- Given entries -
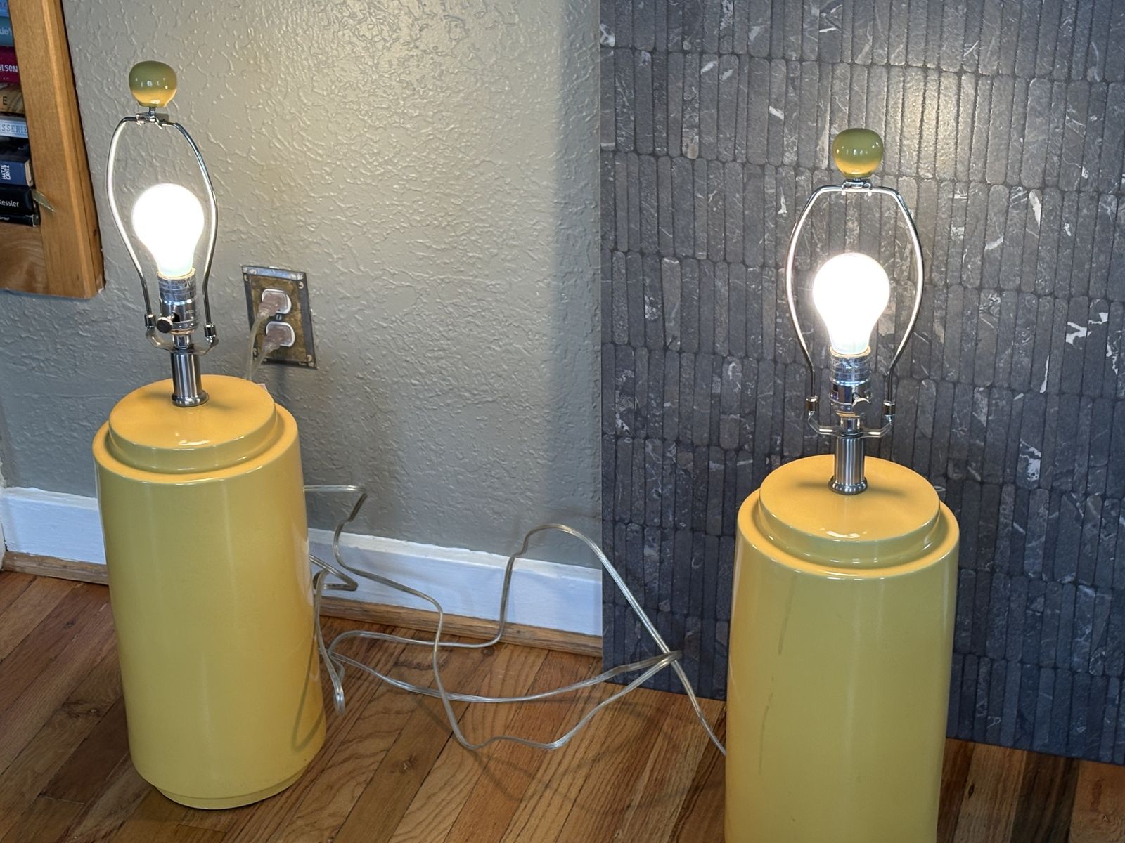 VenmoVery nice colorful pair of lamps in good order. 27" high and 16" diameter. Bold and bright
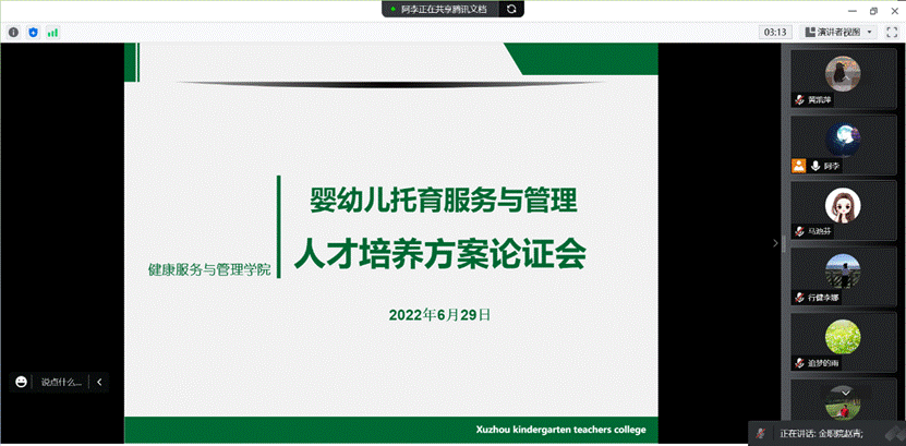 本次论证会以线上汇报和专家点评的方式进行。首先婴幼儿托育服务与管理专业负责人张海清老师汇报了专业人才培养方案中面向的产业、岗位、人才需求、专业人才培养规格、课程体系等方面的内容。论证会专家们认真听取了论证报告,围绕国家教育方针政策,对照高等职业公司产品标准,对课程体系的构建和改造提出了建设性与可行性意见,对培养方案的进一步修订完善起到了指导性作用。
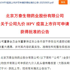6月4日盘后,万泰生物公告称,其申报的9价HPV疫苗在国内获批了,引起市场较大关注。
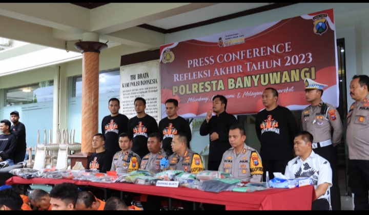 Dengan didampingi Wakapolresta Banyuwangi, AKBP Dewa Putu Eka Darmawan, beserta seluruh Pejabat Utama (PJU) Polresta Banyuwangi, semua tersangka dan barang bukti (BB) dipampang dalam Press Conference Refleksi Akhir Tahun 2023.
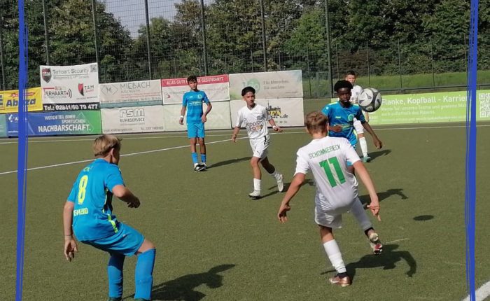In einem einseitigen Spiel nutzte unsere U12 zahlreiche Chancen nicht und geriet in der ersten Halbzeit durch den einzigen Schuss auf das eigene Tor sogar mit 0 zu 1 in Rückstand.Mehr

- Exercise description -
Could every line above be set down exactly, with the pictures omitted?

- Reply -
 VenmoVery nice colorful pair of lamps in good order. 27" high and 16" diameter. Bold and bright
 本次论证会以线上汇报和专家点评的方式进行。首先婴幼儿托育服务与管理专业负责人张海清老师汇报了专业人才培养方案中面向的产业、岗位、人才需求、专业人才培养规格、课程体系等方面的内容。论证会专家们认真听取了论证报告,围绕国家教育方针政策,对照高等职业公司产品标准,对课程体系的构建和改造提出了建设性与可行性意见,对培养方案的进一步修订完善起到了指导性作用。
6月4日盘后,万泰生物公告称,其申报的9价HPV疫苗在国内获批了,引起市场较大关注。
 Dengan didampingi Wakapolresta Banyuwangi, AKBP Dewa Putu Eka Darmawan, beserta seluruh Pejabat Utama (PJU) Polresta Banyuwangi, semua tersangka dan barang bukti (BB) dipampang dalam Press Conference Refleksi Akhir Tahun 2023.
In einem einseitigen Spiel nutzte unsere U12 zahlreiche Chancen nicht und geriet in der ersten Halbzeit durch den einzigen Schuss auf das eigene Tor sogar mit 0 zu 1 in Rückstand.Mehr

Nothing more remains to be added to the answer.